The SISR models usually used one 3 × 3 convolution to extract shallow features. The shallow features mapping unit (SFMU) module used convolution kernels with different receptive fields to extract shallow feature information hierarchically with multi-scale and multi-level shallow feature information. The rich shallow feature information can help the reconstruction module to reconstruct higher-quality SR images.

The SFMU module first transforms the input information through one 1 × 1 convolution to reduce the number of parameters in subsequent operations. Then, three convolutional layers with different receptive fields are used to achieve multi-scale shallow feature information extraction. The three convolution layers are divided into three branches, and the shallow feature information is gradually weighted and superimposed. It realizes the extraction of multi-scale and multi-level shallow feature information.

The three branches of the shallow feature mapping unit extract different levels of shallow feature information \(\left( {F_{{S_{1} }} ,F_{{S_{2} }} ,F_{{S_{3} }} } \right)\), respectively.

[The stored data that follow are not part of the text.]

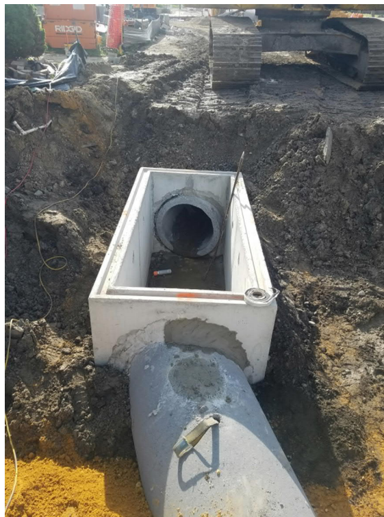
Inlet set and plumbed to existing drainage and to culvert
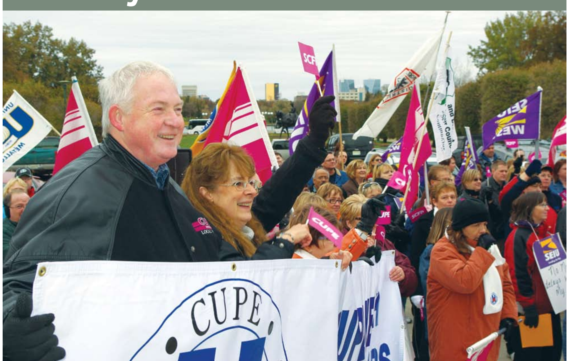
Saskatchewan's 25,000 health care providers have been without new collective agreements for more than two years. Thousands of health care workers came out to protest at the legislature.
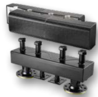
+ Distributor for Regumat DN 40/50
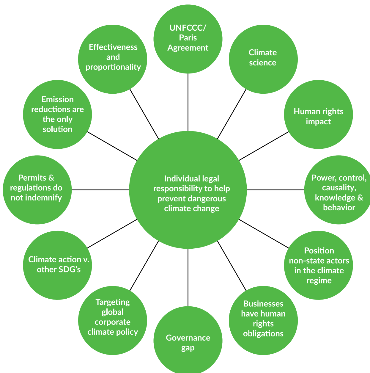
Figure 1 Key factual and legal ingredients of climate litigation

Below is a non-exhaustive overview of key factual and legal ingredients of a successful climate case, based on the strategy of the Shell case and updated with some recent developments. All these topics will be discussed in this memorandum. We note that all topics are interrelated and to some extent overlapping.
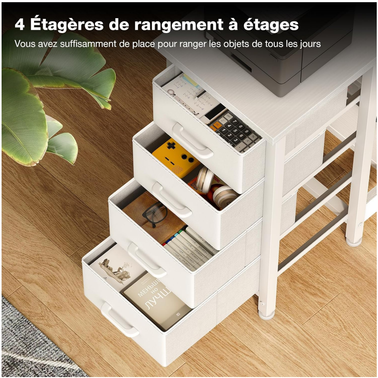
Image 2.2: A detailed view of the four fabric drawers, showcasing their capacity for organizing various office items.

Vous avez suffisamment de place pour ranger les objets de tous les jours
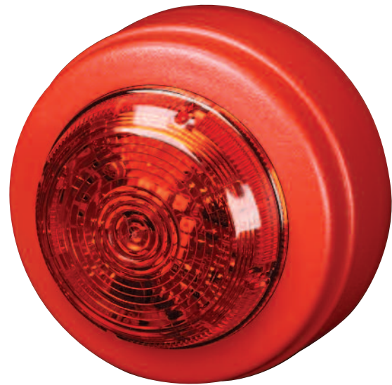
CAB382 - Loop Connected LED Beacon
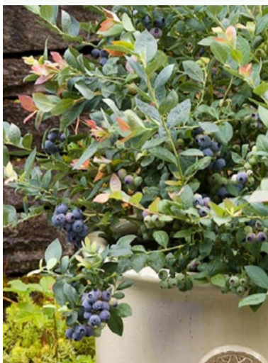
Blueberry Pink Icing® Bushel & Berry 8 00 | No. 1 pot. Reg. $39.99 (28FS8000)

$$ F_{{S_{0} }} { = }H_{T} \left( {F_{0} } \right) $$
(5)
$$ F_{{S_{1} }} { = }H_{{C_{1} }} \left( {F_{{S_{0} }} } \right) $$
(6)
$$ F_{{S_{2} }} { = }H_{{C_{2} }} \left( {F_{{S_{0} }} { + }\alpha_{1} F_{{S_{1} }} } \right) $$
(7)
$$ F_{{S_{3} }} { = }H_{{C_{3} }} \left( {F_{{S_{0} }} { + }\alpha_{2} F_{{S_{2} }} } \right) $$
(8)

\(H_{T}\) is the 1 × 1 convolutional layer used to adjust the number of feature information channels, \(H_{{C_{1} }}\), \(H_{{C_{2} }}\), \(H_{{C_{3} }}\) are the convolutional layers on each branch, and \(\alpha_{1}\), \(\alpha_{2}\) are the adaptive weights that can be learned.

  1. B.

    Deep Features Mapping Unit (DFMU)

To obtain deep feature information, this paper designs a DFMU module, as shown in Fig. 1(a). The deep features mapping unit (DFMU) module contains three residual groups (RG), and each RG contains multiple DRB modules. Because the simple stacking residual block method is not conducive to the transfer of feature information, this paper adds local skip connections in each RG to promote the effective transfer of feature information and obtain deep-level feature information through RG.

$$ F_{{D_{i} }} { = }H_{{RG_{i} }} \left( {F_{{D_{i - 1} }} } \right) $$
(9)

The \(i^{th}\) residual group \(H_{{RG_{i} }}\) takes the hierarchical feature information \(F_{{D_{i - 1} }}\) generated by the \(\left( {i - 1} \right)^{th}\) residual group as input and generates hierarchical feature information \(F_{{D_{i} }}\).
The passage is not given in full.